The royalties are in prospect because Jackson's record sales -- strong abroad, despite a sharp drop-off in the U.S. -- are nearing the point at which the tens of millions of dollars Sony has spent on Jackson over the years will be paid off.

To be sure, Jackson's overall finances remain tenuous. About $270 million in loans from Bank of America Corp., backed by his two major song catalogs, will come due in several years. And, after frittering away millions on poor investments and a shifting cast of business associates, he continues to spend lavishly.

But with the anticipated Sony advance, and a recent refinancing of his debts, the erstwhile king of pop will be turning a financial corner.

The Sony payment will come in exchange for delivery of recordings and other materials for the boxed set, which Sony is aiming to release for the fall -- probably before any verdict in the Santa Barbara molestation case.

Jackson recently obtained an extension on one loan, a $70-million package backed by his Mijac publishing company, until early 2006, sources said.

Representatives of Sony Music Entertainment declined to comment.

Jackson's representatives declined to discuss his finances.
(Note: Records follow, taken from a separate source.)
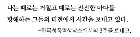 한국성폭력상담소에서의 192시간, NGO 단체 인턴으로서의 192시간은 너무나도 값지고 따뜻한 온기를 느낄 수 있었으며 또 앞으로 어떻게 살아야 할지에 대한 치열한 고민을 할 수 있게끔 해주었습니다.
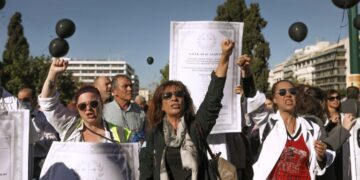 Νέα συγκέντρωση διαμαρτυρίας πραγματοποιούν οι υγειονομικοί κατά της υποχρεωτικότητας του εμβολιασμού αλλά και κατά των νέων μέτρων για την αντιμετώπιση της πανδημίας του κορονοϊού.
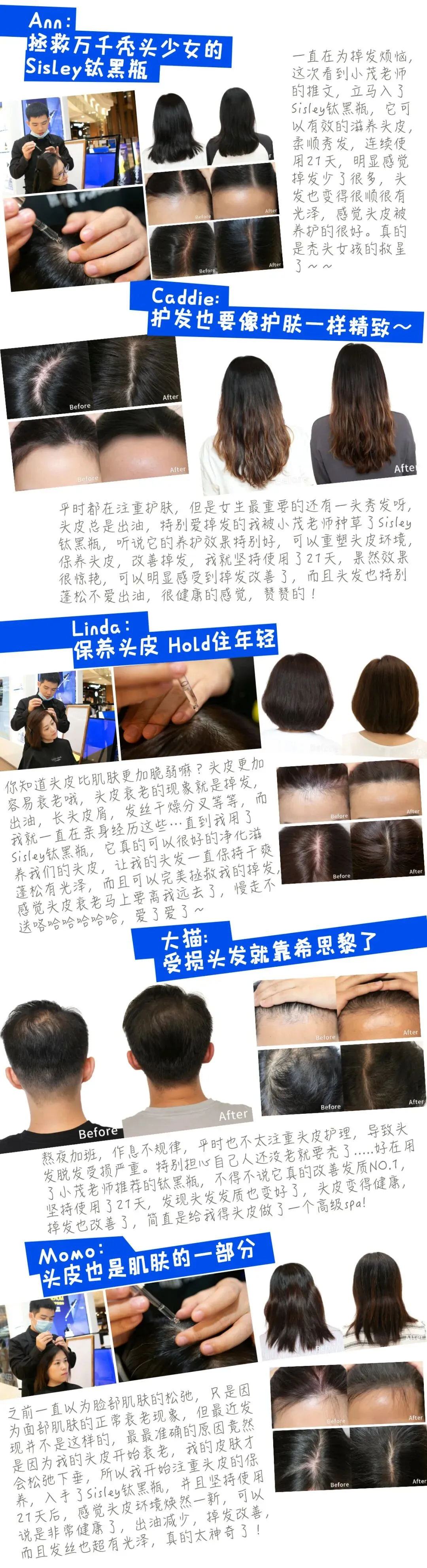 “我非常非常喜欢希思黎钛黑瓶,每次只需一丢丢,非常清爽好吸收,但用完效果完全不一样,秒杀任何护发精油。就像小茂老师说的,这更像是一瓶给头皮用的“肌底精华“,能改善整个头皮环境并且非常厉害能做到头皮抗衰,差不多用到第二周第三周,你会觉得头皮在变紧,脸皮也在紧致,真的超级厉害。

But his longtime music attorney, John Branca, said it would be a mistake to count his client out.

"He was counted out once before, when the Jackson Five lost popularity and came back bigger than ever," Branca said. "Michael speaks to a worldwide audience like no other artist in history."
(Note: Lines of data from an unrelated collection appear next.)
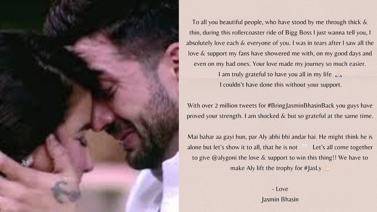She also mentioned about the #BringJasminBhasinBack which crossed 2 million tweets. She further pleaded her fans to support and vote for Aly and shower all the love to him and stated that she wants Aly to lift the trophy.
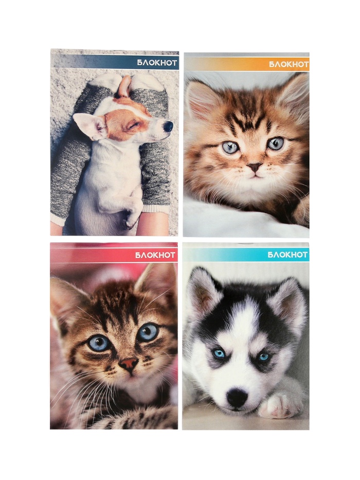 Набор блокнотов 4 шт А6 24л кл на скобе Котята и щенята, мел карт, бл офс, 4В
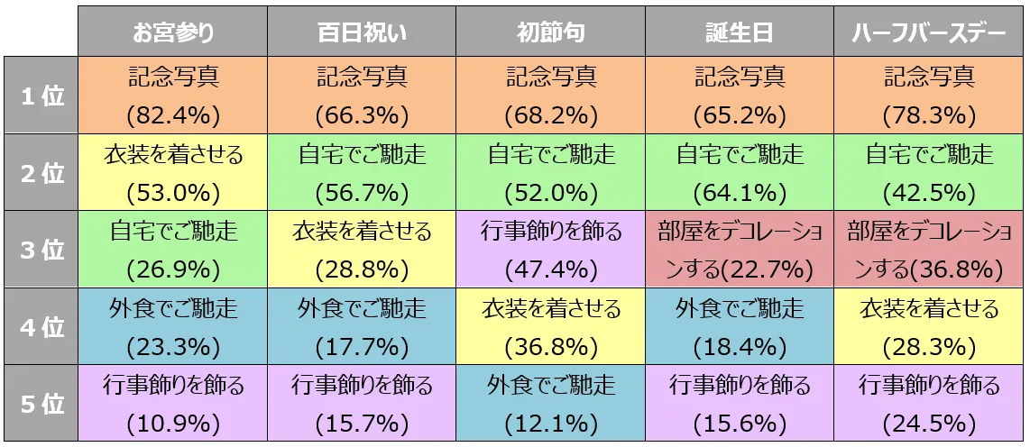続いて、各行事の祝い方について調査しました。それぞれTOP5をランキングにすると、1位はどの行事においても6割を超えて「記念写真」となりました。節目を迎えるタイミングで、赤ちゃんの姿を思い出に残したいと考える親が多いことがうかがえます。2位に多かったのは「自宅でご馳走を食べる」でした。また、お宮参りや百日祝い、初節句といった、伝統的な衣装がある行事は「衣装を着させる」という回答が見られたほか、誕生日やハーフバースデーでは、「部屋をデコレーションする」という回答が上位に並びました。
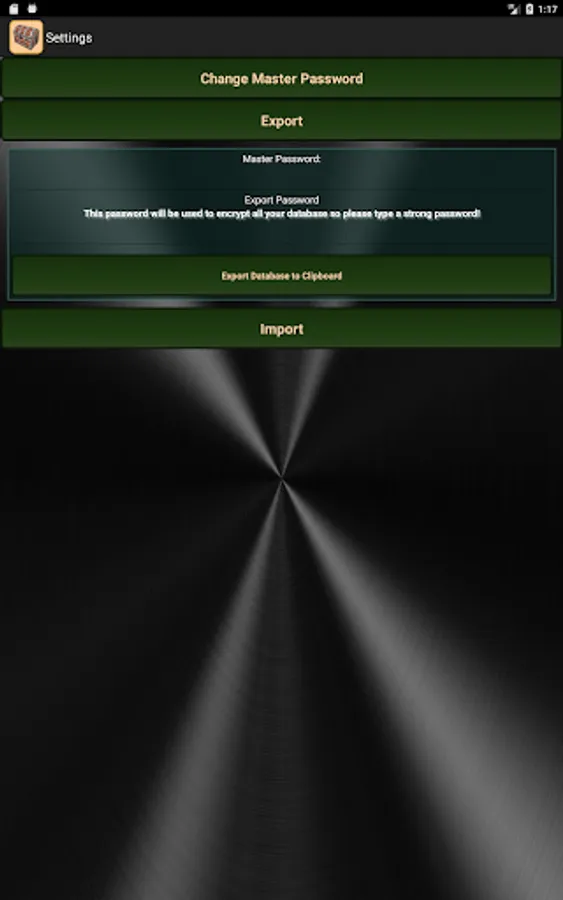 - You can export/import your database through clipboard (copy/paste), so you can send the data by email or paste it in a file as backup.

Although Jackson's U.S. sales have slipped from their 1980s apex, the singer's catalog and recent greatest-hits CD have sold so strongly worldwide in recent years that he is edging toward paying off the millions of dollars in recording and promotional expenses owed to Sony before he can collect a paycheck.

With Jackson's release of 2001's "Invincible" album, Sony reissued much of the singer's earlier material and found worldwide demand. Since then, Jackson's albums have sold about 14 million copies worldwide, with about 9 million sold outside the U.S., sources said.

Already, Jackson has whittled down a balance that stood at about $40 million several years ago. If sales hold up enough to finish off the tab, he would begin pocketing royalties from each album sold in the future.

Some sources familiar with Jackson's record contract suggest that he could finish repaying the advances by early next year, although others predict that it could take longer, perhaps three years or more.

The biggest factor in Jackson's financial fate, however, is whether he can cut lucrative future deals.

"It's all going to come down to what happens in the next 12 months," said one music industry player close to Jackson. Even if Jackson is acquitted of the criminal charges against him, "you don't know how tarnished he's going to be."

Associates insist that Jackson could still earn a fortune by touring internationally.

"Those people talking about doomsday, don't they realize the guy could go out and do 10 or 15 dates and he would make tens of millions of dollars?" said veteran music executive Charles Koppelman, who ranks among the singer's top counselors.

Television specials may also provide cash. Jackson reportedly earned millions from TV appearances last year. But at least two networks recently turned down his pitch for a special on his charitable efforts toward the AIDS epidemic in Africa.

With Jackson's 1991 Sony contract nearing its end, he will be free to seek a new label deal, though any new pact probably would be more modest than the old one. The boxed compilation and a planned "best of" collection are the final releases under the Sony agreement.

Given the uncertainties, however, Jackson's best prospects rest on continued income from a spate of mega-deals Branca and others made during the star's ascent after the success of his 1982 blockbuster, "Thriller."

Jackson paid $47.5 million in 1985 to acquire a firm that held the Beatles' publishing rights -- one of the richest song catalogs in music -- and began snatching up other copyrights.

Ten years later, Jackson struck a deal to merge those rights with Sony's publishing unit, creating a new firm, Sony/ATV. That deal paid him more than $100 million in cash, and he received a stake in the combined company.